The principle that one should not tear down a fence unless one knows why it was erected is fundamentally about using principles instead of research; while this applies as much in software as it does anywhere else, good practices in software (version control, code review) mean that you should have the information and it's just a matter of digging it up. Archaeology is about having the tools in place to do this digging.

Conclusion

Archaeology is a tool for understanding code. It's not your only tool, and you will probably have more immediate options for most bugs - "what did you just change, that's probably what broke" is a far more potent investigative tool - but as you work on systems of greater age and complexity, it's more likely to be what you need to understand how the system got where it is.

  1. Expressing it as "the problem coming back" is somewhat magical thinking, a regression test is really a "guardrail" to make sure a developer doesn't reintroduce the problem without requiring that they have perfect awareness of all past problems.

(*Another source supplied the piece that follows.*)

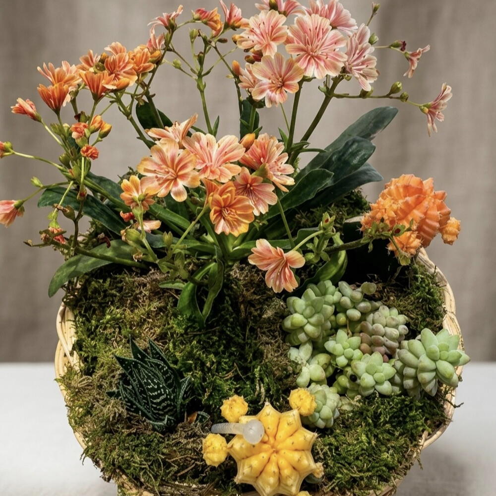 Esta encantadora cesta de plantas es una excelente opción para aquellos que buscan un toque de naturaleza y color en su hogar sin la necesidad de un cuidado intensivo. Aquí te detallamos todo sobre esta cesta: Plantas: • Suculentas: La cesta presenta una variedad de suculentas, plantas que se caracterizan por sus hojas carnosas y su capacidad para almacenar agua. • Cactus de colores: En la cesta también encontramos 3 pequeños cactus, uno amarillo,otro naranja y uno verde. Cesta: • La cesta está hecha de mimbre, un material natural y duradero que le da un toque rústico y acogedor. Su diseño tradicional y su color natural encajan perfectamente en cualquier estilo de decoración.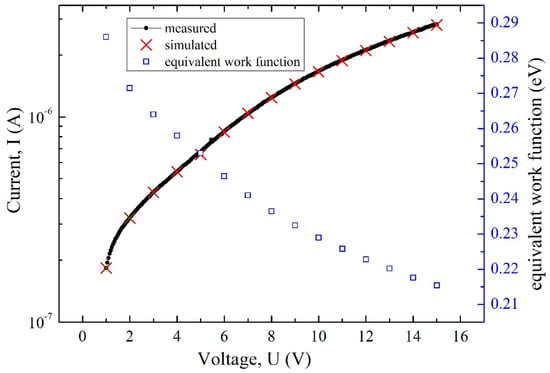 As for the barrier-lowering effect regime, the surface barrier of the cathode decreased as the voltage bias increased, as mentioned above. The work function in the Richardson–Dushman equation could be treated as equivalently decreased during the calculation of the emission current. Hence, the equivalent work function corresponding to the applied voltage bias could be calculated from the measured data, considering that the practical electron emission surface was not ideal as the simulating model. Additionally, the actual emission surface might be speckled, and the area would be smaller than the calculated value of the model. The effective electron emission area was then calibrated with a coefficient of 1.74 according to the measured data. The equivalent work function could be uniquely determined when the simulated results fitted the experimental results measured at room temperature, as depicted in Figure 3. If a constant current source was applied to the diode, then temperature was a function of Φ according to the Richardson–Dushman equation. In other words, the voltage bias was related to temperature. Therefore, this diode could be used as a temperature sensor.

As such, it needs to be easy and convenient for all developers to run all such tests as part of development - the guardrail doesn't serve it's purpose if someone has to go digging for it. 

  2. Open source projects often push the work of generating reproduction cases back to the reporting user, since the whole point is that end users have full access to the source code; commercial projects more often have one or more tiers of internal support organization to handle this. (In both cases it may still end up in the developer's lap.) 

  3. TDD or "Test Driven Development" is the logical conclusion of this - where development starts with "writing a test that fails"; it fails for the more specific reason that "the code implementing the feature doesn't exist yet", but it still gives you a very clear stepping stone from "wanting the code to do this" and "showing that (with these changes) it does this." 

  4. Concrete examples here all use git - not because you have to, but git is so widespread that any system you do use will likely have a detailed comparison list just to explain why you'd even consider using it. (You can even find these lists for much older systems like Subversion, Perforce, or CVS, they just describe the glorious future, instead of the glorious present.) 

  5. This is also why it's important to turn a bug report into a concrete failing test - not just so that you can prevent the problem from recurring in the future, but so that you can resurrect past versions of the code and see if it previously worked or never did.